From the first line to the last, return the data exactly, with no pictures.

• _DATA SECTION_
= Beginning of Section =

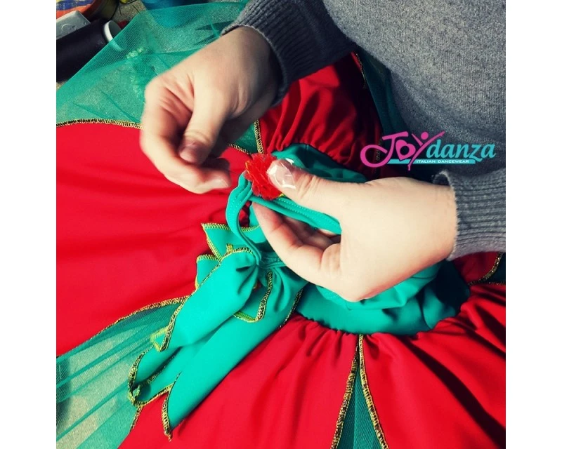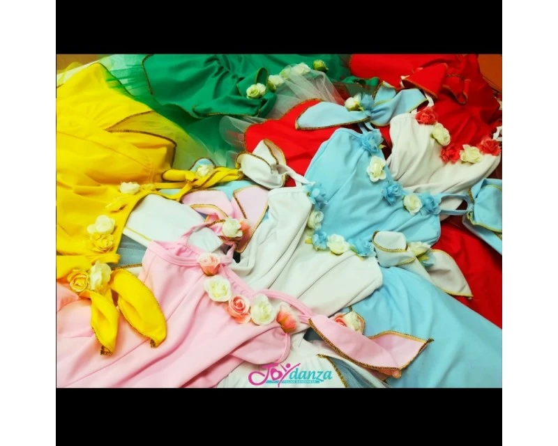 Tutù fiorellino per bambina corolla a 5 strati di tulle rigido con petali di raso orlati
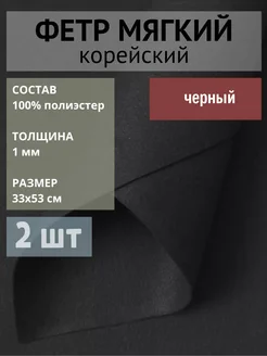 Мягкий корейский фетр для рукоделия 1 мм черный 33х53см-2 шт
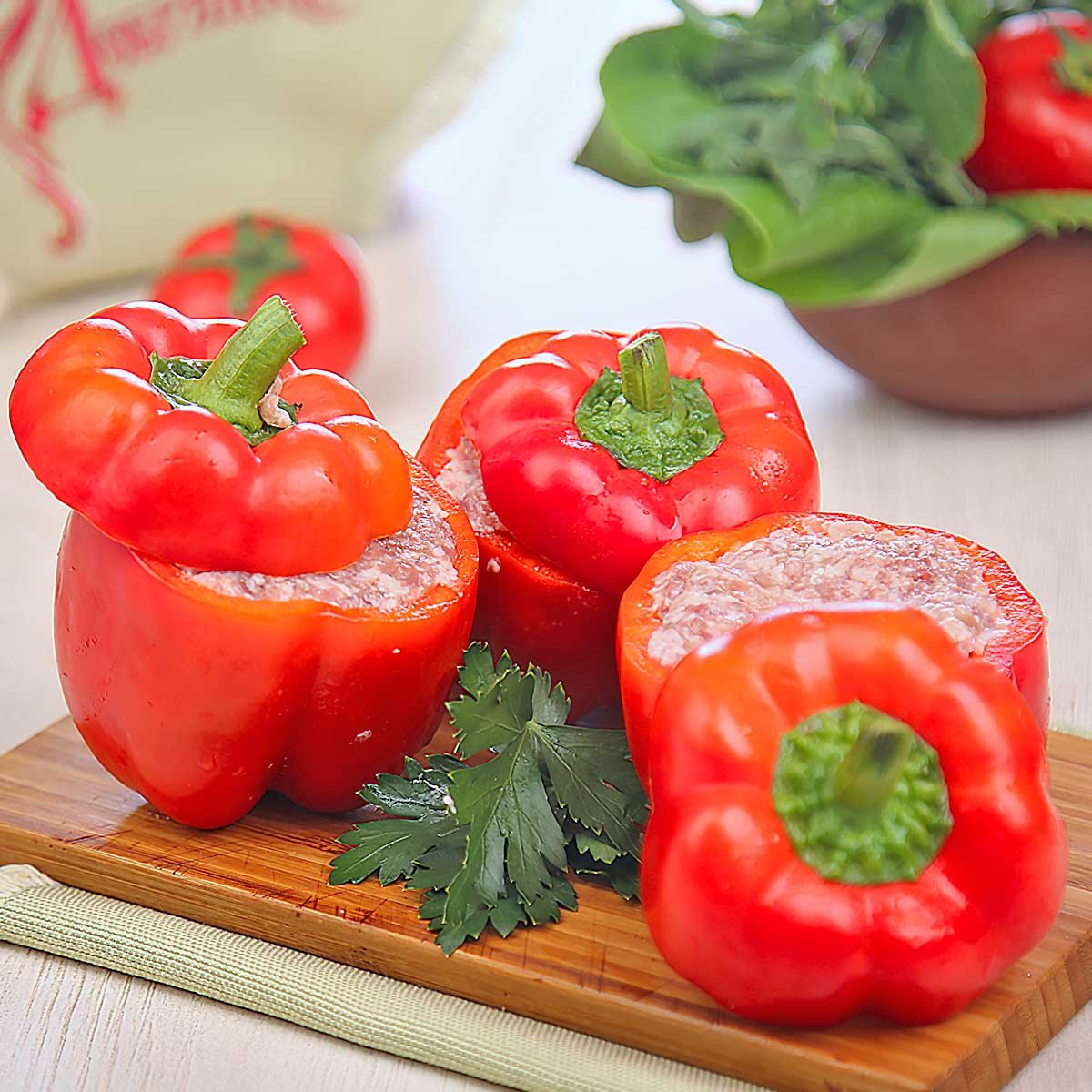 Перец болгарский, мясо говядина, лук репчатый, мясо свинина, свинина шпик боковой, рис, масло подсолнечное, чеснок, соль, перец черный молотый.
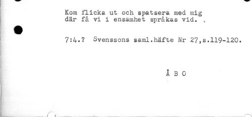//// Kom flicka ut och spatsera med mig //// där få vi i ensamhet språkas vid. //// 7:4.? Svenssons saml.häfte Nr 27,s.119-120. //// ÅBO ////

= End of Section =

• _PROBLEM SOLUTION_
 Tutù fiorellino per bambina corolla a 5 strati di tulle rigido con petali di raso orlati
 Мягкий корейский фетр для рукоделия 1 мм черный 33х53см-2 шт
 Перец болгарский, мясо говядина, лук репчатый, мясо свинина, свинина шпик боковой, рис, масло подсолнечное, чеснок, соль, перец черный молотый.
//// Kom flicka ut och spatsera med mig //// där få vi i ensamhet språkas vid. //// 7:4.? Svenssons saml.häfte Nr 27,s.119-120. //// ÅBO ////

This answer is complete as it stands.